-- Data extract --
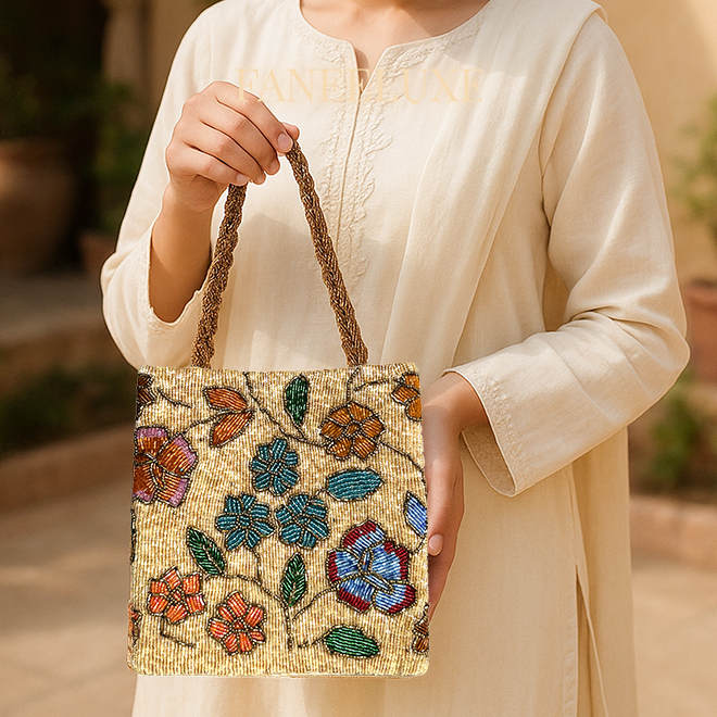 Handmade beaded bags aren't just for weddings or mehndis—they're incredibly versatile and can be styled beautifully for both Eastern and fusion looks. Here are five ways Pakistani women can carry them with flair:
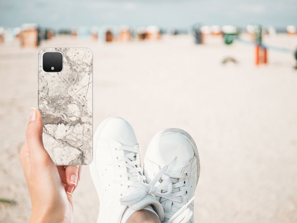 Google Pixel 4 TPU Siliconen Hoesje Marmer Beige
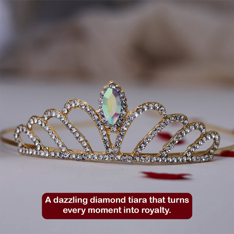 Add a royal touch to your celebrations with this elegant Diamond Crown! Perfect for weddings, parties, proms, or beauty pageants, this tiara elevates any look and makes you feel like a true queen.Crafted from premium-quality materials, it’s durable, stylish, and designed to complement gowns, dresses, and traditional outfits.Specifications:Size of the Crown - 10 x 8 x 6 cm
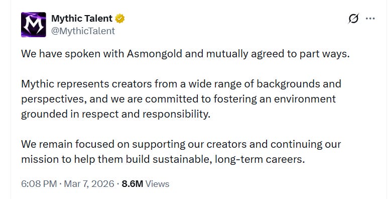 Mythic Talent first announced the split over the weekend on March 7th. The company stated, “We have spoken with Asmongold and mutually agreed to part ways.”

-- Work instructions --
The line with "Add a royal" and each line after it, through the final line of the data, are to be duplicated exactly, with pictures left out and nothing more included.

-- Result below --
 Add a royal touch to your celebrations with this elegant Diamond Crown! Perfect for weddings, parties, proms, or beauty pageants, this tiara elevates any look and makes you feel like a true queen.Crafted from premium-quality materials, it’s durable, stylish, and designed to complement gowns, dresses, and traditional outfits.Specifications:Size of the Crown - 10 x 8 x 6 cm
 Mythic Talent first announced the split over the weekend on March 7th. The company stated, “We have spoken with Asmongold and mutually agreed to part ways.”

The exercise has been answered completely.